SAN FRANCISCO, Jan. 23, 2018 /PRNewswire/ -- Audentes Therapeutics, Inc. (Nasdaq: BOLD), a clinical stage biotechnology company focused on developing and commercializing gene therapy products for patients living with serious, life-threatening rare diseases, announced today that it intends to offer $150.0 million of its common stock in an underwritten public offering. In addition, Audentes intends to grant the underwriters a 30-day option to purchase up to an additional $22.5 million of its common stock offered in the public offering at the public offering price less the underwriting discounts and commissions. All of the shares will be offered and sold by Audentes. The offering is subject to market and other conditions, and there can be no assurance as to whether or when the offering may be completed, or as to the actual size or terms of the offering.

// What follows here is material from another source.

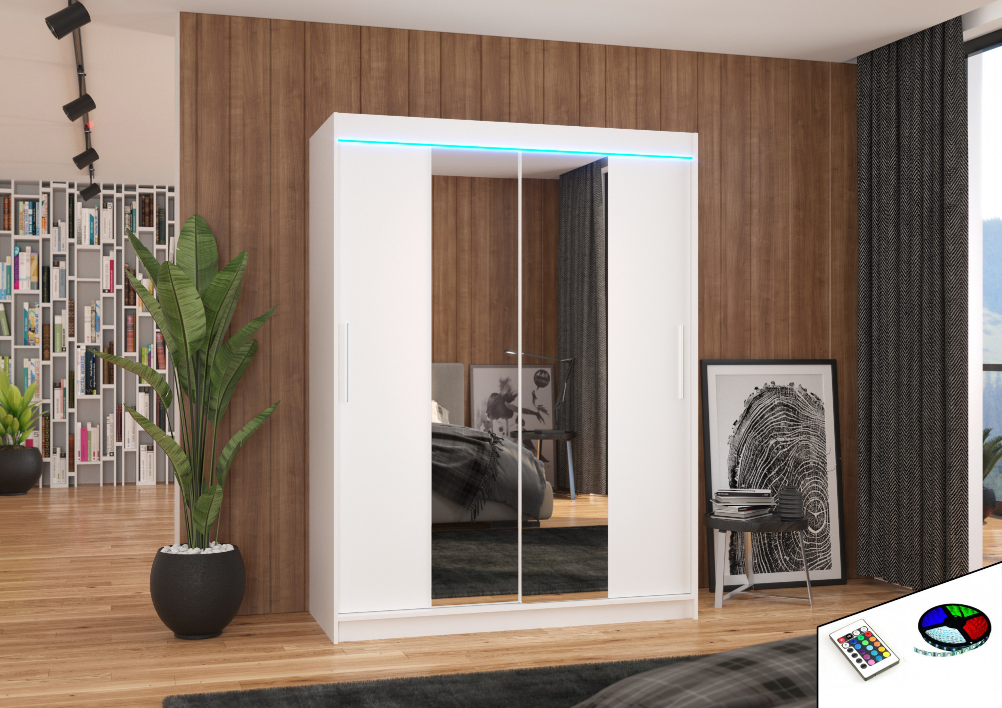 Posuvná skříň se zrcadlem a LED osvětlením INESS 150 Bílá+Bílá

BofA Merrill Lynch, Cowen and Leerink Partners are acting as joint book-running managers for the offering. Wedbush PacGrow is acting as co-manager.
The public offering will be made pursuant to a shelf registration statement on Form S-3 that was filed by Audentes with the Securities and Exchange Commission ("SEC") on August 8, 2017 and declared effective by the SEC on August 23, 2017. A preliminary prospectus supplement relating to and describing the terms of the offering will be filed with the SEC and will be available on the SEC's website at www.sec.gov. A copy of the preliminary prospectus relating to the offering may be obtained from BofA Merrill Lynch, NC1-004-03-43, 200 North College Street, 3rd floor, Charlotte, NC 28255-0001, Attention: Prospectus Department or by email at [email protected]; Cowen and Company, LLC, c/o Broadridge Financial Services, Attention: Prospectus Department, 1155 Long Island Avenue, Edgewood, NY 11717 or by telephone at (631) 274-2806; or Leerink Partners LLC, Attention: Syndicate Department, One Federal Street, 37th Floor, Boston, MA 02110, or by email at [email protected], or by telephone at (800) 808-7525, ext. 6132.
This press release shall not constitute an offer to sell or the solicitation of an offer to buy, nor shall there be any sale of these securities in any state or jurisdiction in which such offer, solicitation, or sale would be unlawful prior to registration or qualification under the securities laws of any such state or jurisdiction.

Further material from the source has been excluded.